The pact between Australia, UK and the US is a historic face-off with China and proof of Global Britain
In a joint speech by Boris Johnson, Scott Morrison and Joe Biden, the United Kingdom, Australia and the United States announced a historical pact dubbed AUKUS. It will allow the Royal Australian Navy to construct and operate nuclear-powered attack submarines. But AUKUS is about more than just what powers Australia’s submarines. The agreement also covers the joint development of quantum computing, artificial intelligence and other revolutionary military technologies.
As Sir Stephen Lovegrove, the UK National Security Advisor, said in a speech at the Council of Geostrategy yesterday: “It is perhaps the most significant capability collaboration anywhere in the world in the past six decades.” AUKUS is significant because constructing and operating nuclear-powered submarines is a serious investment of time, resources and political capital. It requires deep and permanent cooperation to work and to have longevity measured not in years but in decades. It requires a great faith and trust between partners in an increasingly polarised world.
Consequently, AUKUS represents the commitment of the three nations to bind themselves into a common endeavour to work permanently together in pursuit of a free Indo-Pacific region in the twenty-first century. The “Indo-Pacific” is a new geopolitical framework, first devised by Japan, but now embraced by many Indo-Pacific democracies; its aim is to shape the region and prevent authoritarian, revisionist powers, such as the regimes in China and Russia, from making aggressive claims on maritime spaces or using their power to shove aside smaller nations.
The pact confirms Australia’s acceptance of a changed geopolitical environment. The Chinese Communist Party’s aggressive behaviour towards Australia has transformed the country’s strategic posture. As the analyst Iskander Rehman puts it, after many years “down under”, Australia is now placing itself “top centre”. With the AUKUS agreement, the Australians have confirmed that they are now stepping up, at significant cost, to underpin the regional order. But they can only do it with help from their British and American allies.
For the United States, the pact reconfirms Washington’s aim to rebalance its global geostrategic posture to focus more on the Indo-Pacific. And for the United Kingdom, AUKUS is the strongest sign yet of the emergence not only of “Global Britain” but also of the British “tilt” towards the Indo-Pacific – the new fulcrum of the global economy and international geopolitics.
With AUKUS, surely nobody can still argue that “Global Britain” is merely a slogan or that the Indo-Pacific “tilt” is just a delusion? When it was bandied around, it was largely seen as a trade mission.
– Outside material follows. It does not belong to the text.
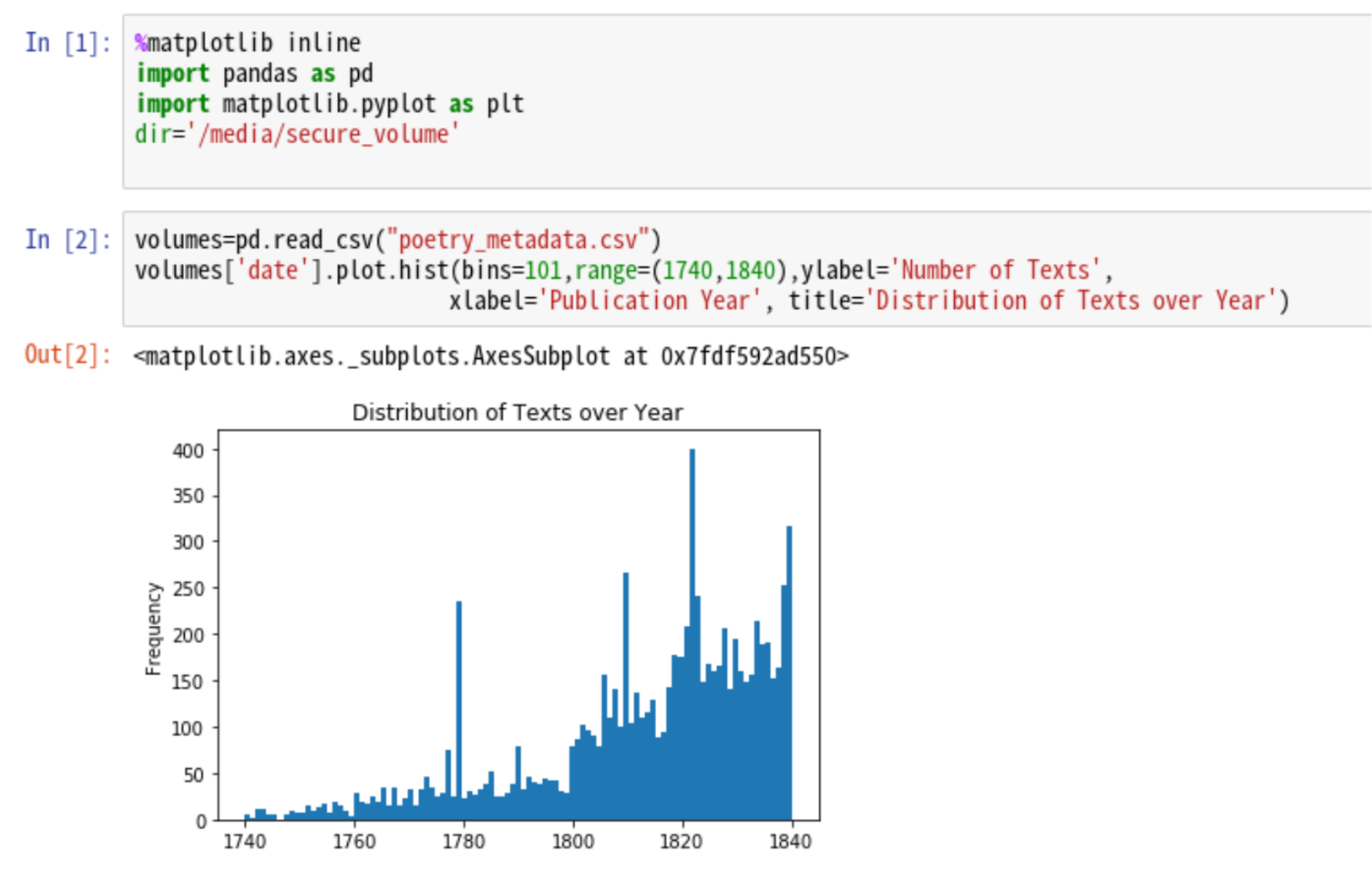 アナコンダはデータサイエンスや機械学習のためのプラットフォームであり、Python によるプログラム作成などを行うことができる[5]。Pythonを使うには、アナコンダの中のジュピターノートブックというソフトウェアを使うことが多いだろう。例えば、1740年から1840年に出版されたハティトラストに所収の書籍データの数量をグラフにしたいとする。ここで一つ注意する点は、インターネットが使えるのはメンテナンスモードのみであり、またハティトラストの書籍データを扱えるのはセキュアモードのみであるということである。生成AIでプログラムを作成させる場合など、インターネットを使う場合は都度メンテナンスモードに戻る必要がある。

A post-Brexit promise to maintain British influence through new economic ties with other countries – even China. This pact a hopeful sign it strikes much deeper and goes to the core of the rest of our obligations.
Over the past year, Britain has undertaken a number of concrete measures to bring its Indo-Pacific ambitions to fruition. Earlier this year, the UK deployed HMS Queen Elizabeth and the Carrier Strike Group to East Asia, as well asa handful of other naval ships to South-East Asia – some for up to five years. There has been a renewed focus on the Five Power Defence Arrangements, and the Five Eyes alliance, as well as a new trade agreement with Japan. This is all part of a strategic plan to exert British influence in the area and prevent autocrats bullying democracies into submission.
Whether or not AUKUS is the final destination for Global Britain or just the start of a new Indo-Pacific era is a mystery to all of us. But close Indo-Pacific allies stand ready, and the UK must not shirk away from engaging with them – even if it means drawing the ire of China.